SUPPLIED MATERIAL:
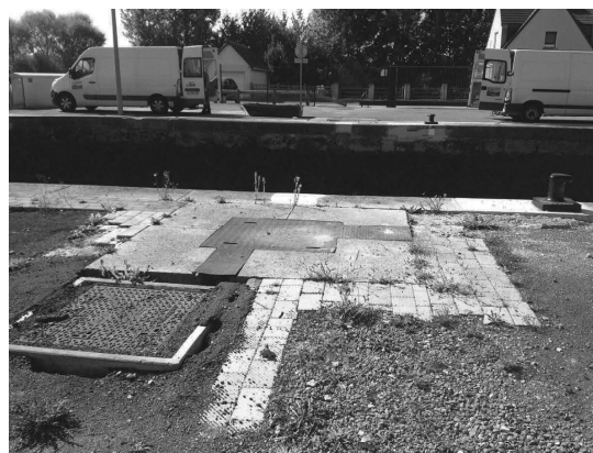
Photographies des bajoyers
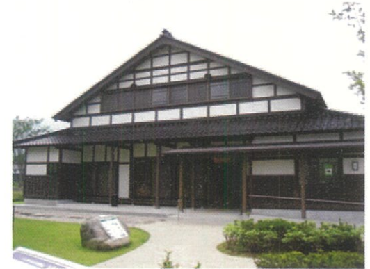
타카세 커뮤니티 시설 아즈마다치(東建)타카세
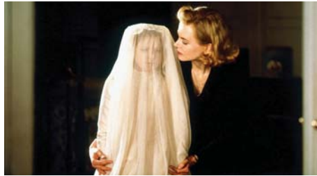
مشهد من فيلم «الأخرون»

صنّف العمل من أفضل أفلام القرن الواحد والعشرين للأداء المتميز للسيدة وخاصة نيكول كيدمان في دور السيدة غريس والطفلين الأوكينا مان وجيمس بنتلي بوري أن نيكولاس. وقد نجح الفيلم بتصوير عالم الموت والحياة قسبي الوجود في بناء تخيلي، متشابه إلى حد يحصل بعد الموت، فكلا العالمين يطال على الأبرمجورحة من الماني نقلت كيوحس أو ذكريات أو أحلام مشكلة ذاكرة جمعية تنتقل وتحرك في سبيل الوجود البرشري.
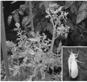
被害株の様子とコナジラミ（右下）
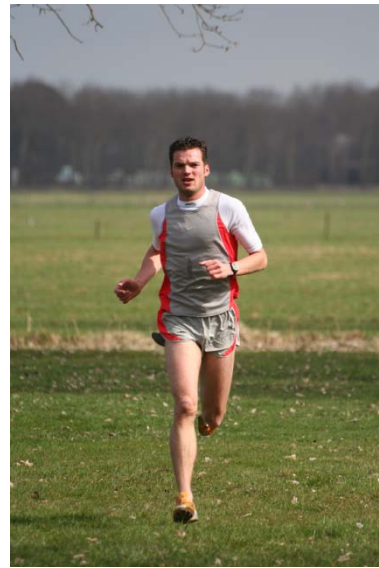
Clubkampioenschappen Cross 2010
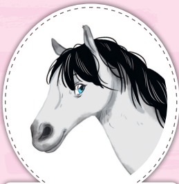
Меркурий конь серой масти
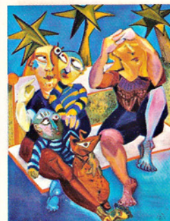
ZONDAG, OLIEVERF OP DOEK 150 X 130 CM € 2900,-
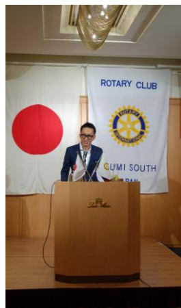
高原職業奉仕担当理事
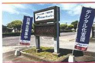
・駐車場入口 (20台分完備)

TASK: Repeat all of the material above exactly, leaving out pictures.

OUTPUT FOR THIS EXERCISE:
Photographies des bajoyers
타카세 커뮤니티 시설 아즈마다치(東建)타카세
مشهد من فيلم «الأخرون»

صنّف العمل من أفضل أفلام القرن الواحد والعشرين للأداء المتميز للسيدة وخاصة نيكول كيدمان في دور السيدة غريس والطفلين الأوكينا مان وجيمس بنتلي بوري أن نيكولاس. وقد نجح الفيلم بتصوير عالم الموت والحياة قسبي الوجود في بناء تخيلي، متشابه إلى حد يحصل بعد الموت، فكلا العالمين يطال على الأبرمجورحة من الماني نقلت كيوحس أو ذكريات أو أحلام مشكلة ذاكرة جمعية تنتقل وتحرك في سبيل الوجود البرشري.
被害株の様子とコナジラミ（右下）
Clubkampioenschappen Cross 2010
Меркурий конь серой масти
ZONDAG, OLIEVERF OP DOEK 150 X 130 CM € 2900,-
高原職業奉仕担当理事
・駐車場入口 (20台分完備)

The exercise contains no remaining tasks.